Voxel-based morphometry
To examine focal differences between disease groups and to provide a comparison for visualization among feature weight analyses and regions of group-wise brain atrophy, we employed voxel-based morphometry (VBM). We used independent samples t-test (two-tailed) comparisons between each disease group for each voxel in our preprocessed images, resulting in a total of three group comparisons (TLE vs. AD, TLE vs. Healthy, AD vs. Healthy). After accounting for multiple comparisons using Bonferroni corrected p-value threshold, we set the t-value of any voxel that was not significant to zero and min-max normalized the surviving values. Like our feature visualization, we extracted voxels in the reconstructed brain with values > 0.75, setting the rest to 0, and used MRIcroGL to examine which ROIs had high t-value voxels. For participants with left-sided TLE, we mirrored the t-value maps along the sagittal axis and combined the maps with right-sided TLE participants to allow ipsilateral versus contralateral (relative to side of diagnosis) ROI analysis.
Statistics and reproducibility
All statistical calculations were calculated within MATLAB. VBM used two-tailed t-test with a Bonferroni corrected p-value threshold to identify statistically significant voxel intensities. Our sample size consisted of a total of 157 participants diagnosed with medial TLE, 73 participants diagnosed with early AD, and 251 healthy controls (150 derived from the epilepsy age-matched controls and 101 derived from the ADNI database). One hundred models were produced for the shuffled model, and one hundred models were produced for the properly trained model.
Reporting summary
Further information on research design is available in the Nature Portfolio Reporting Summary linked to this article.
Results
Disease prediction
We trained 200 models (100 for the properly trained, 100 for shuffled) to predict disease using our preprocessed T1 image slices. Compared to the shuffled model, the trained model had a FDCI of 1 for age prediction (Fig. 5), i.e., it significantly outperformed the shuffled model 100% of runs, which is equivalent to observing these results by chance less than 1% of the time (i.e., p < 0.01). Trained models had a mean accuracy of 86.84% (SD = 1.33%), mean precision of 0.77 (SD = 0.03), a mean recall of 0.74 (SD = 0.03), and an F1-score of 0.75 (SD = 0.025) for group prediction. Our shuffled model had a mean accuracy of 67.16% (SD = 1.04%), mean precision of 0.41 (SD = 0.10), a mean recall of 0.33 (SD = 0.01), and an F1-score of 0.37 (SD = 0.1584) for group prediction. Disease dependent metrics for the trained models are displayed in Table 2.
Feature visualization
In our activation mapping, we examined the top average activations of the ReLU 3, the final layer before the classification layers, for all 100 of our trained models. The mean normalized activation for all AAL atlas regions in the reconstructed feature weight brain was 0.079 (SD = 0.09) for TLE, 0.083 (SD = 0.10) for AD, and 0.078 (SD = 0.08) for healthy controls. Reconstructed brain activation map and ROI activation matrices are displayed in Fig. 6.
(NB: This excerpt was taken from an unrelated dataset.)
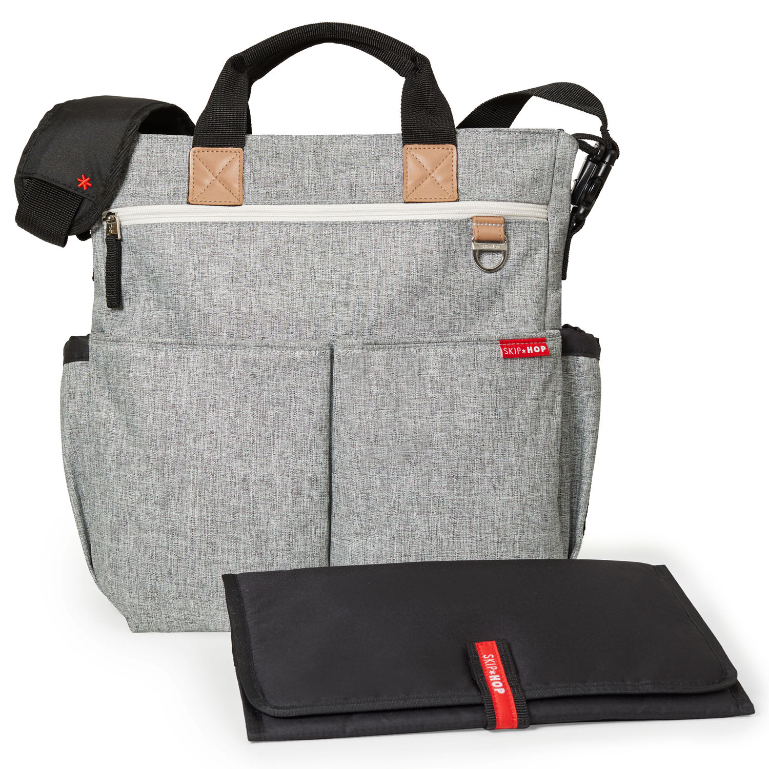 Duo Signature från Skip Hop är en mångsidig och säker väska, idealisk för den medvetna föräldern. Med en dragkedja upptill hålls dina saker säkert på plats, och väskans design med fickor på både nät och tyg ger en stilren och praktisk look.

Analysis for each disease prediction is display in rows (a: TLE, b: Healthy, c: AD). Each row has a 3D/mosaic view of our activation mapping reconstruction with a horizontal color bar indicating normalized activation values for each slice and direction arrows either indicating left and right or for TLE, the diagnosis laterality, as well as a region of analysis (ROI) activation matrix using the Automated Anatomical Labeling (AAL) atlas. The vertical color bar indicates mean activation values within each ROI. Cells within the dotted lines indicate temporal ROIs. Ip Ipsilateral (relative to side of diagnosis), Con Contralateral.
Voxel-based morphometry
We used VBM techniques to examine focal differences in our preprocessed T1 images between disease types. The mean normalized t-value for all AAL atlas regions in the reconstructed VBM brain was 0.030 (SD = 0.06) for TLE versus healthy, and the results are displayed in Fig. 7.
For participants with left-sided TLE, we mirrored the maps along the sagittal axis and combined the maps with right-sided TLE participants. a Mosaic displays normalized t-values from statistically significant voxels. b Region of interest (ROI) matrix produced using the Automated Anatomical Labeling atlas. The color bar indicates mean normalized t-values within each ROI. Cells within the dotted lines indicate temporal ROIs.
Discussion
In the current study, we investigated the use of CNN for TLE disease classification, with a special emphasis on discriminating TLE from another neurological disease with limbic atrophy (i.e., AD). We observed that a CNN model identified TLE vs. controls and TLE vs. AD at a statistically significant level independent of age. Importantly, the machine learning approach achieved high classification accuracy for TLE cases beyond the lesional status identified by human experts. Furthermore, our feature visualization analysis revealed that feature patterns were unique to each disease, highlighting temporal and extratemporal regions for TLE, leveraging traditional findings from VBM. Taken together, we demonstrated that CNN can accurately identify participants with TLE from AD and healthy controls while simultaneously revealing neural structures critical to the classification of each group. We discuss these findings in detail below.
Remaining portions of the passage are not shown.